Months after an ocean storm flogged the beaches of Plum Island, destroying three houses and damaging several others beyond salvation, the state has granted approval for two homeowners to rebuild on the same sites, officials said.
“Three applications to rebuild homes lost on Plum Island have been filed,” said Ed Coletta, a spokesman for the Department of Environmental Protection. “Two of the three have been approved because they comply with the standards of the Wetlands Protection Act.”
The third application was not approved because it did not comply.
In addition to the houses destroyed in the early March nor’easter, 13 were deemed uninhabitable. Six of those were demolished because of structural damage from beach erosion, officials told the Globe in March. At least another 40 houses on the barrier island were at risk of damage.

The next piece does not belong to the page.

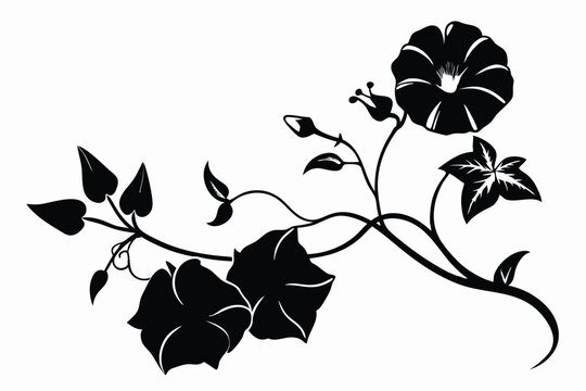 Elegant Black and White Morning Glory Vine with Flowers, Buds, and Leaves
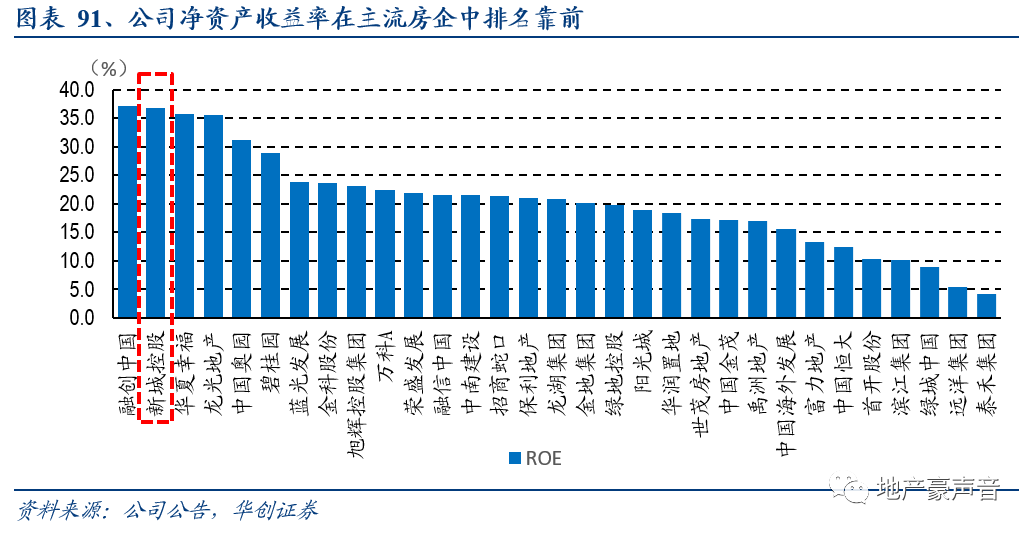 3)存货周转率:公司处于行业中游偏上水平,叠加公司经营管理效率提升,综合推动公司2019年净资产收益率达36.9%,在主流房企中排名靠前。

“This winter was terrible. We got hit with storms starting with Sandy, going into the blizzard of 2013, and then the March storms,” said Harry Trout, who lost his home on Fordham Way in March and is seeking to rebuild. “And we also had storms without names that came and went on a weekly basis.”
Trout’s application is the one that has not yet been approved.

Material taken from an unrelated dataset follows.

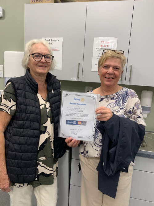 Som takk for omvisning og orientering, overrakte president Kirsten Rotarys diplom til Brit og bedriften.
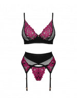 Célébrez le temps passé ensemble ou offrez-vous un cadeau de rêve en choisissant un magnifique ensemble Rosenty ! Sentez vos sens s'affoler lorsque vous enfilez ce magnifique string, soutien-gorge et porte-jarretelles assorti, décoré de ce motif floral unique. Laissez-vous tenter par une pincée de folie et vous ne le regretterez pas !

The applications that have been OK’d were filed by the Tuthill and Kirkpatrick families, who own parcels on Fordham Way, the homeowners said.
“We have been cleared by the DEP,” said Gingie Tuthill, whose family has owned the property for 40 years.
Tuthill added that getting approval from the state environmental agency was not an easy process.
“We have had to hire three engineers to help us get through this project; it is unbelievable what DEP demands of homeowners,” she said. “So far as we know, DEP has gone away from us.”
A member of the Kirkpatrick family confirmed that their application was approved, but declined to comment further.
The applications to rebuild first had to be approved by the Newbury Conservation Commission and other local boards before coming under state purview, Coletta said.
“They have to get the local approval for the projects and then come to us and we have to ensure that the plans will meet the standards as outlined in the Wetlands Protection Act,” he said.
“In the one case that has not yet been approved, the application was insufficient and didn’t comply with performance standards so [the agency] has intervened,” Coletta said. Last month, the state agency “sent a request to Mr. Trout requesting more information on his project. Our hope is that he will provide that information and we can move forward to the approval process.”
Trout said that after the town’s conservation commission approved his filing to rebuild, the state sent him a notice of intervention and asked to visit the site themselves. Now, he is working to ensure that his application is complete.
“I am in the process of complying with their wishes and demands. They’re things I was going to comply with anyway, without their intervention,” he said. “I’m going to hire an environmentalist to make sure I have my i’s dotted and t’s crossed.”
In addition to locating the rebuilt homes further away from the dunes and building on pilings, residents have said that they need to be able to do more to ensure the safety of their homes. But measures such as adding concrete barriers to dune areas are prohibited under state environmental regulations, which coastal residents have long criticized as overly strict.
“The Wetlands Protection Act does not allow the armoring of the beach or beach property,” Coletta said. “It is a very dynamic system there where it is a barrier beach and the sand moves in and moves out depending on wave action and all sorts of natural factors. That’s something that has to be considered here.”
But homeowners said their right to defend homes from Mother Nature should supersede the conditions of the act.
“If you can buy a gun and keep it inside your front door we should be able to do what is necessary to protect our homes,” Tuthill said.